Fri Dec 10 08:30 AM -- 10:00 AM (PST) @

Modeling the time evolution of discrete sets of items (e.g., genetic mutations) is a fundamental problem in many biomedical applications. We approach this problem through the lens of continuous-time Markov chains, and show that the resulting learning task is generally underspecified in the usual setting of cross-sectional data. We explore a perhaps surprising remedy: including a number of additional independent items can help determine time order, and hence resolve underspecification. This is in sharp contrast to the common practice of limiting the analysis to a small subset of relevant items, which is followed largely due to poor scaling of existing methods. To put our theoretical insight into practice, we develop an approximate likelihood maximization method for learning continuous-time Markov chains, which can scale to hundreds of items and is orders of magnitude faster than previous methods. We demonstrate the effectiveness of our approach on synthetic and real cancer data.

Author Information

Alkis Gotovos (MIT CSAIL)
Rebekka Burkholz (Harvard University)
John Quackenbush (Harvard T.H. Chan School of Public Health)

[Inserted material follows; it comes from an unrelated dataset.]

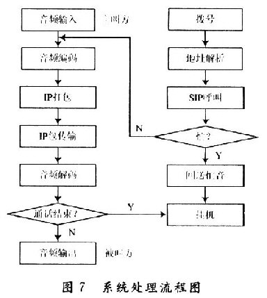 當撥號確認后,主控制器對編解碼器發(fā)送控制指令,開始語音A/D轉(zhuǎn)換,并進行編碼,送到片外存儲器內(nèi)進行緩存;Nios CPU對撥號信息的解析確定。目的地址,通過Avalon總線對以太網(wǎng)接口發(fā)送數(shù)據(jù)傳輸指令;將符合以太網(wǎng)標準的數(shù)據(jù)從片外存儲器內(nèi)讀出,送入Internet中,返回確認信息。系統(tǒng)處理流程圖如圖7所示。

John Quackenbush is Professor of Computational Biology and Bioinformatics and Chair of the Department of Biostatistics at the Harvard TH Chan School of Public Health, Professor in the Channing Division of Network Medicine, and Professor in the Department of Data Science at the Dana-Farber Cancer Institute. John’s PhD was in Theoretical Physics, but in 1992 he received a fellowship to work on the Human Genome Project. This led him through the Salk Institute, Stanford, The Institute for Genomic Research (TIGR), and to Harvard in 2005. John uses massive data to probe how many small effects combine to influence human health and disease. He has more than 310 scientific papers and over 81,000 citations. Among his honors is recognition in 2013 as a White House Open Science Champion of Change.

Stefanie Jegelka (MIT)

Stefanie Jegelka is an X-Consortium Career Development Assistant Professor in the Department of EECS at MIT. She is a member of the Computer Science and AI Lab (CSAIL), the Center for Statistics and an affiliate of the Institute for Data, Systems and Society and the Operations Research Center. Before joining MIT, she was a postdoctoral researcher at UC Berkeley, and obtained her PhD from ETH Zurich and the Max Planck Institute for Intelligent Systems. Stefanie has received a Sloan Research Fellowship, an NSF CAREER Award, a DARPA Young Faculty Award, the German Pattern Recognition Award and a Best Paper Award at the International Conference for Machine Learning (ICML). Her research interests span the theory and practice of algorithmic machine learning.